‘In-car Internet Could Threaten Automotive Industry’
The emerging alliance between car manufacturers and IT companies to turn cars into internet gateways poses a potential threat to the automotive industry, according to McAfee’s chief technology officer.
“With Ericsson forecasting 50 billion IP-connected devices by 2020, up from 1 billion just a year ago, KPMG’s report into connected cars come as no surprise. But as in-car internet becomes a reality, it exposes the automotive industry to the same threats as any other consumer device,” said Raj Samani.
Samani’s statement came after accounting and consulting firm KPMG released the Global Automotive Executive Survey 2012, which was based on a survey of 200 automotive executives, 34 percent of whom intend to collaborate with technology and IT companies to access new technology and products.
Moreover, KPMG’s survey showed that over a third of car executives expect that consumers’ purchasing decisions over the next five years will be driven by whether the car they purchase has internet connectivity and built-in technologies such as navigation with live traffic update, voice recognition and access to smartphones through steering wheel controls and the dashboard.
Furthermore, over a third (32%) of car executives expect original equipment manufacturers (OEMs) to control the revenue streams linked to the built-in connectivity and a quarter (25%) expect IT and technology industries such as Google, Apple, Microsoft and LG to control the revenue streams by 2025.
“This illustrates the growing importance of connectivity ‘on the go’ for consumers in their vehicles and brings the next generation of fully built-in ‘infotainment’ car systems one step closer to the horizon,” KPMG said.
Samani added: “The industry has form.
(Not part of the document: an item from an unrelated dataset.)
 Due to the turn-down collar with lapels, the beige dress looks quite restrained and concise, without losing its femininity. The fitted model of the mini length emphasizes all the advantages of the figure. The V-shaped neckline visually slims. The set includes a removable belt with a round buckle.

The first remote keyless entry systems did not implement any security and were easily compromised. As more and more digital technology is introduced into automobiles, the threat of malicious software and hardware manipulation increases. Wireless devices like web-based vehicle-immobilisation systems that can remotely disable a car could be used maliciously to disable cars belonging to unsuspecting owners.”
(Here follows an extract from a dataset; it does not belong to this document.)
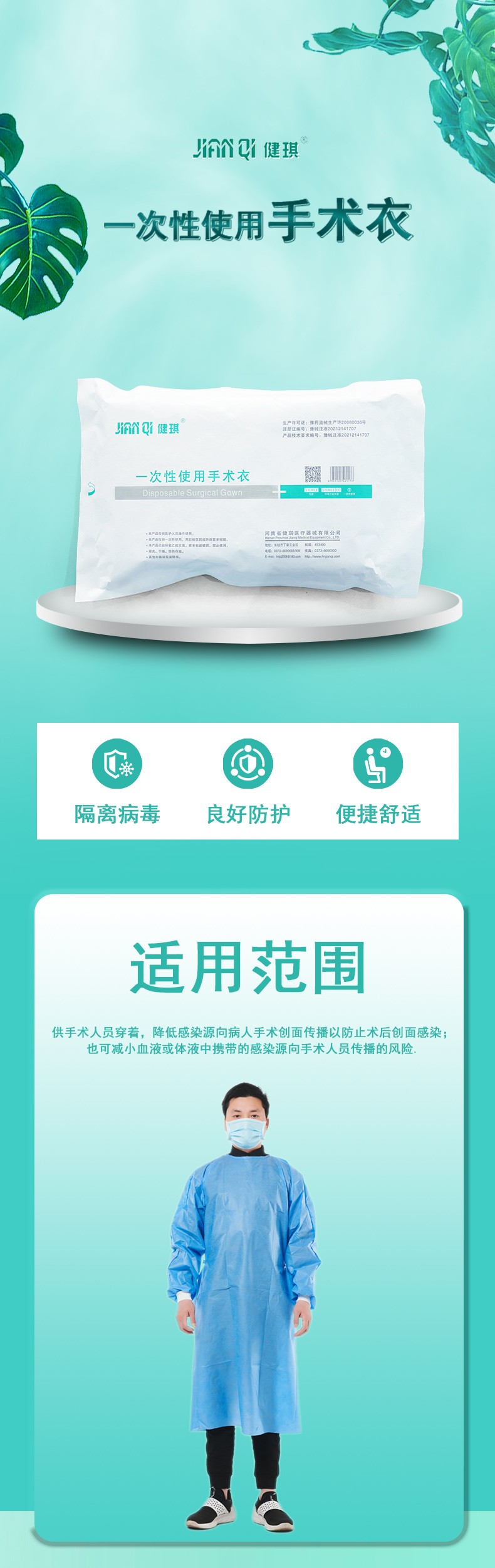 一次性使用手術衣 河南健琪廠家招商產(chǎn)品說明:

According to the McAfee CTO, the attackers are more attracted to the infotainment system since “it promises to be an area that closely integrates with an individual’s personalised preferences or data.”
“When that happens, there is the opportunity for financial gain from the right information at the right time. Infotainment systems often run standard software for embedded devices that is widely available, whereas other embedded units in a vehicle run mainly proprietary or specialised software,” Samani said.